= Beginning of Section =

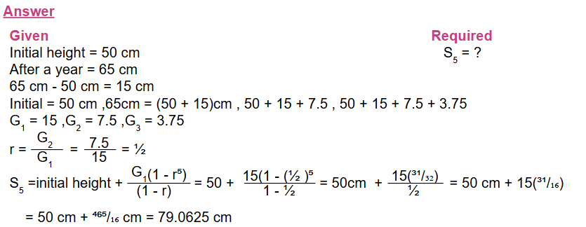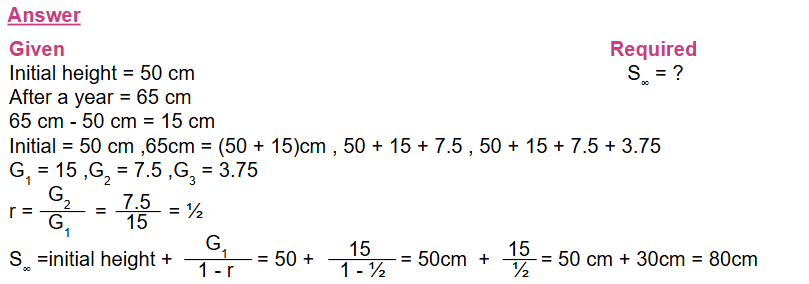 A bamboo plant is initially 50 cm tall. After one year, it grows to 65 cm. Each year, the growth is half the growth of the previous year.
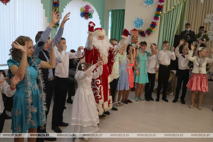 Поздравить с наступающими праздниками воспитанников Белыничской вспомогательной школы-интерната приехали курсанты Института пограничной службы. Они традиционно организуют для ребят занимательное представление с веселыми конкурсами, танцевальными заданиями и зажигательными музыкальными номерами. "Каждый год мы готовим новогоднюю развлекательную программу, стараемся повеселить детей и подарить им праздничное настроение, - говорит старший офицер отделения информации и пропаганды учреждения высшего образования Вероника Макоед. - Я приезжаю сюда уже не в первый раз. И детям всегда интересно, они полностью вовлечены в представление. От нас они ждут не столько подарков, сколько внимания и заботы, эмоциональной сопричастности. Когда видишь, как они искренне и неподдельно радуются, становится очень приятно".
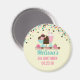 Un aimant de fête d'anniversaire. Personnalisé avec le nom et la date de l'événement. Conçu sur le thème de la crème glacée douce. Des confettis colorés parsemés le long du dessus et illustrés d'un bar à crème glacée au chocolat, de sundae à 3 boucles avec une cerise sur le dessus, et d'un flotteur de fraise avec de la crème fouettée. Petites fraises et cerises sur le fond. Arrière - plan jaune pâle. Rafraîchissant gâteries chaudes.
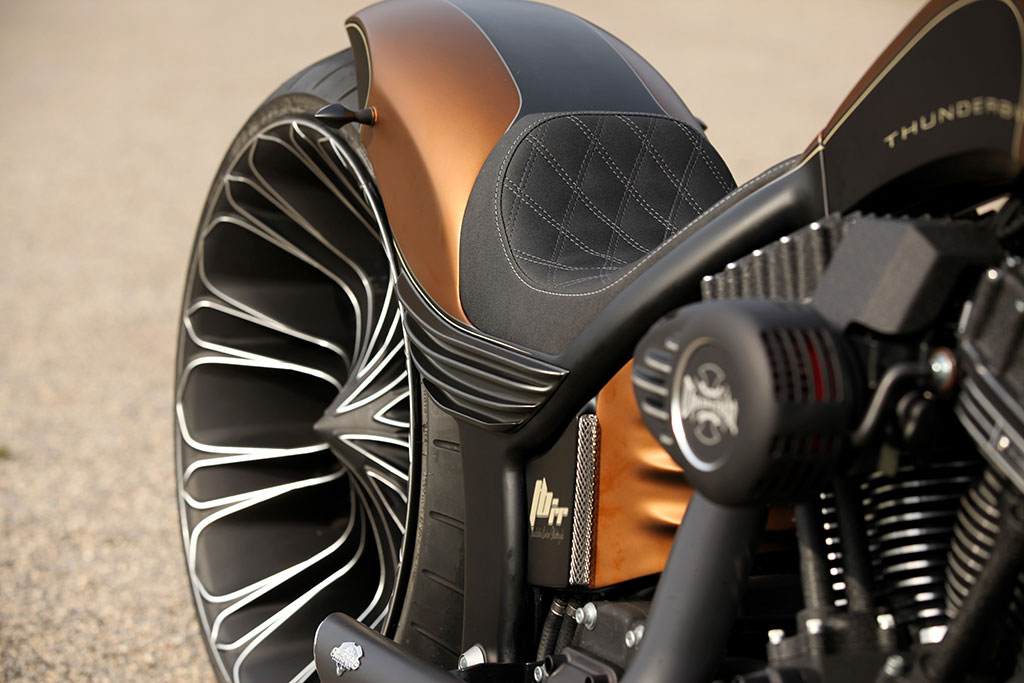 Jeśli chodzi o motocykle, nie ma nic lepszego niż połączenie klasycznego designu z mocą i komfortem, jakie ma do zaoferowania współczesność. Z tej filozofii po raz kolejny skorzystał niemiecki warsztat motocyklowy Thunderbike zajmujący się tuningiem. Mianowicie stworzyła złomowany silnik Production-R, silnik, który pasowałby do filmów Sin City lub Irony Sky. Powstał we współpracy z Harleyem Davidsonem i Pirelli.
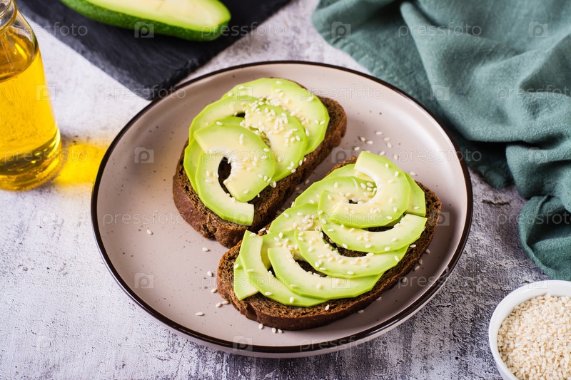 Брускетта с авокадо и кунжутом на ржаном хлебе на тарелке. Здоровая пища
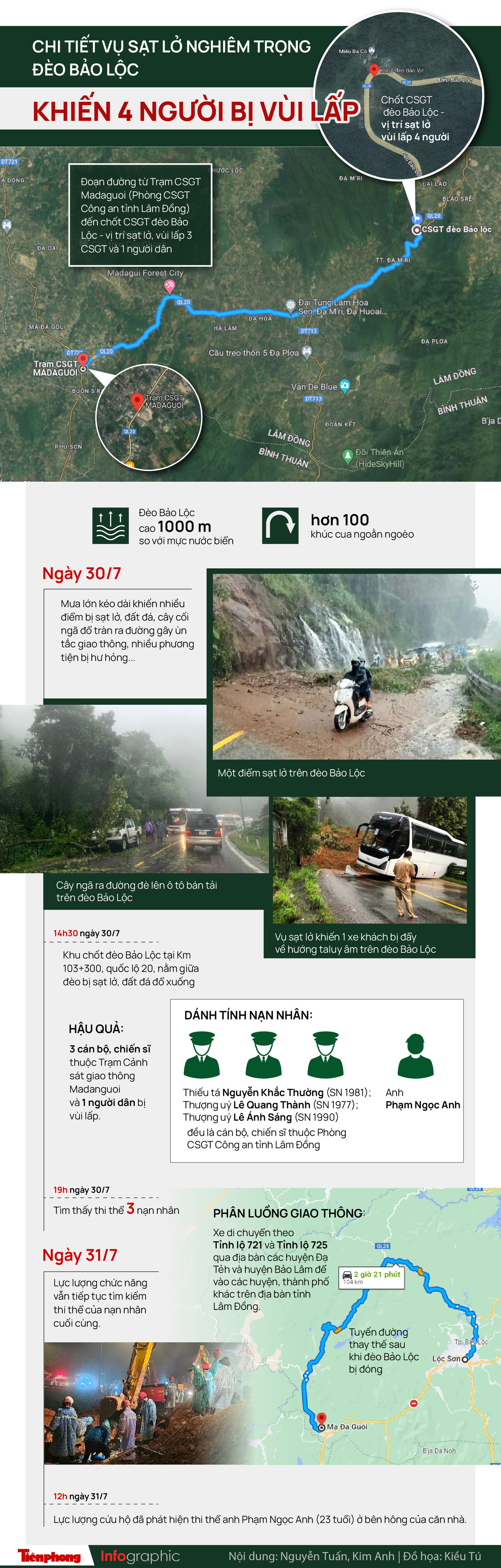 TPO - Lực lượng chức năng đã tìm thấy thi thể 4 nạn nhân trong vụ sạt lở đèo Bảo Lộc - Lâm Đồng, trong đó có 3 cán bộ chiến sĩ cảnh sát giao thông và 1 người dân. Đèo Bảo Lộc dài 10 km trên quốc lộ 20, nối huyện Đạ Huoai với TP. Bảo Lộc. Đây là một trong những đèo hiểm trở nhất Việt Nam.
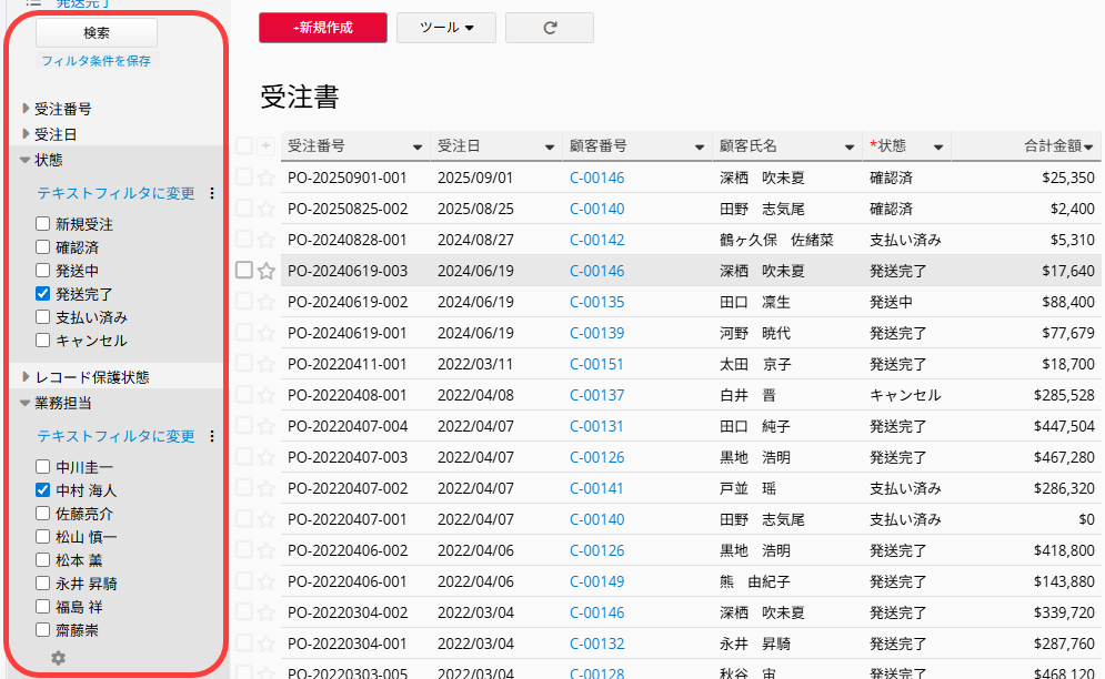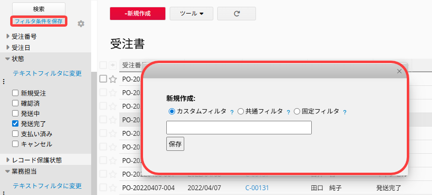 また、よく使うフィルターを保存しておき、次回に利用することも可能です。 カスタムフィルタ、共通フィルタ、固定フィルタの3種類のフィルターに対応しています。
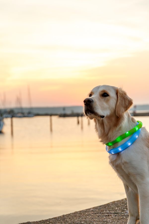 Whether you’re walking near roads, through woodland trails, or in open fields, this glowing collar provides the added peace of mind you and your dog deserve.
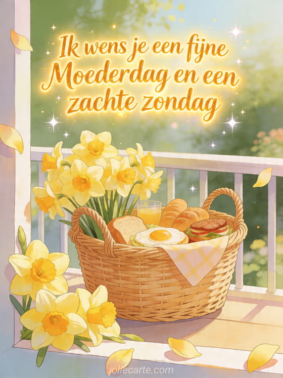 Deel een lichte boodschap voor Moederdag en een zachte zondag, met een ontbijtmand, stralende narcissen en een lentebalkon. Ontdek ook fijne Moederdag overleden mama, citaten voor Moederdag of een citaat voor Moederdag.
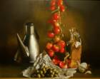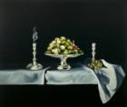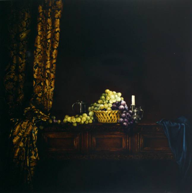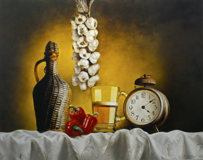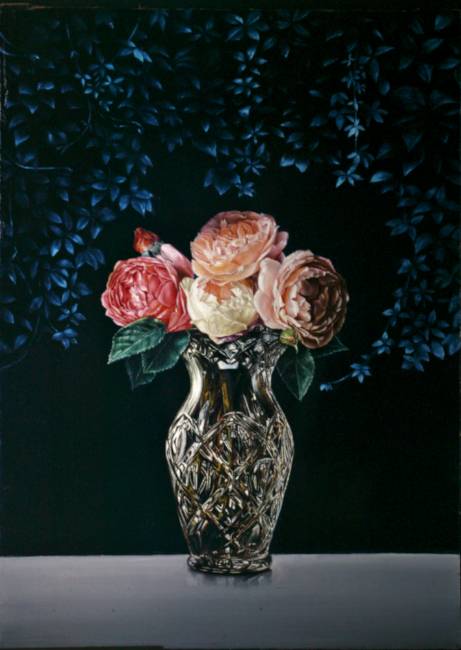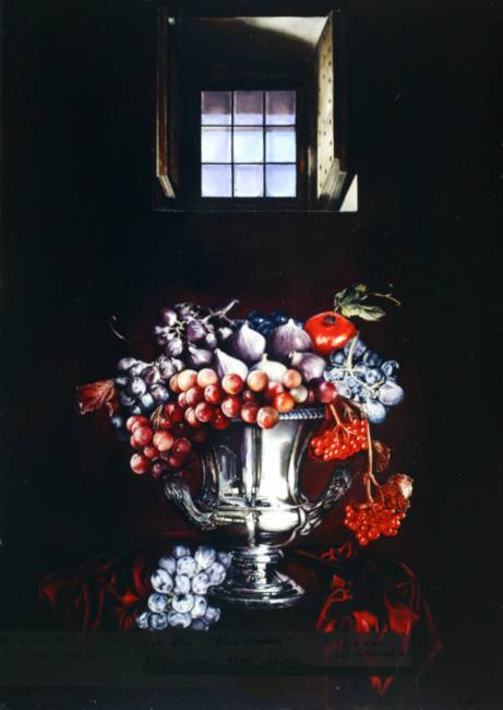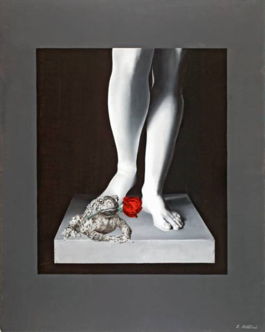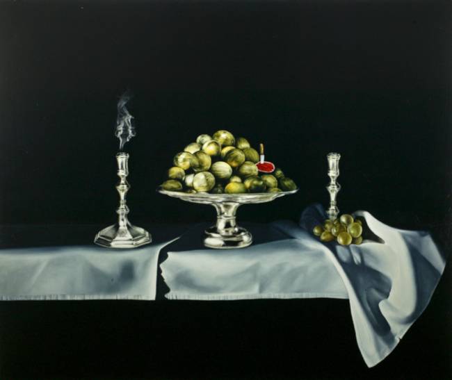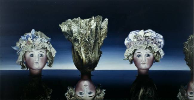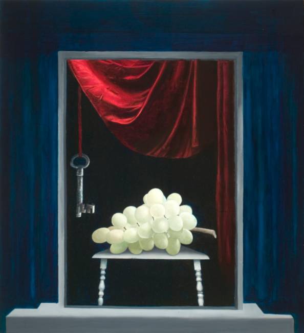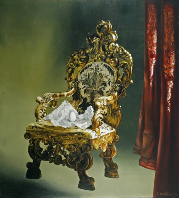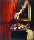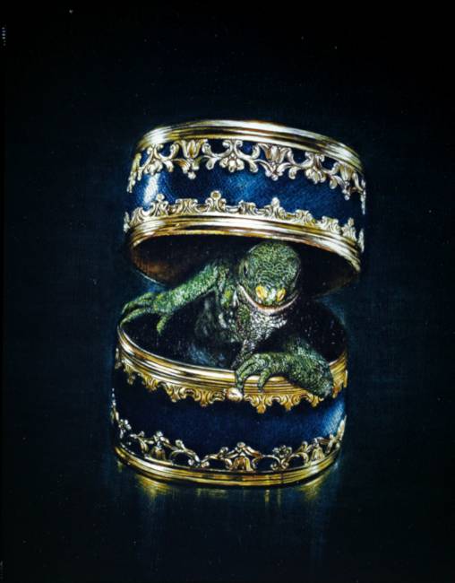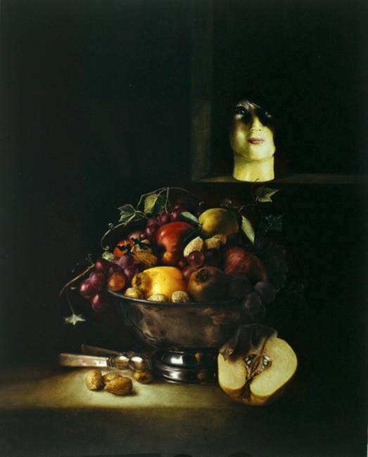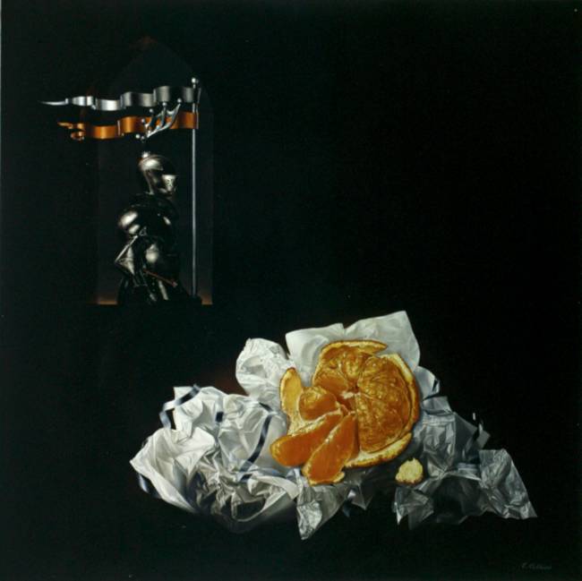 Cellini's art reveals a parallel refusal to be static. The current retrospective is almost exclusively still-life paintings, but she has discovered and explored endless corners within those boundaries: fantasy, humor and stone-cold realism; infinite variations on lighting and composition; a huge color palette. An image of Nick Nolte improbably appears in the 1992 piece "Revelation"; Cellini says she was enormously inspired by Martin Scorsese's segment of the film "New York Stories," in which Nolte played a painter at a creative impasse.

= End of Section =

Task objective:
Only the lines from the one holding "Deel een lichte" to the last line of the entries above should be printed, exactly as they appear and with no pictures.

Solution for this task:
 Deel een lichte boodschap voor Moederdag en een zachte zondag, met een ontbijtmand, stralende narcissen en een lentebalkon. Ontdek ook fijne Moederdag overleden mama, citaten voor Moederdag of een citaat voor Moederdag.
 Cellini's art reveals a parallel refusal to be static. The current retrospective is almost exclusively still-life paintings, but she has discovered and explored endless corners within those boundaries: fantasy, humor and stone-cold realism; infinite variations on lighting and composition; a huge color palette. An image of Nick Nolte improbably appears in the 1992 piece "Revelation"; Cellini says she was enormously inspired by Martin Scorsese's segment of the film "New York Stories," in which Nolte played a painter at a creative impasse.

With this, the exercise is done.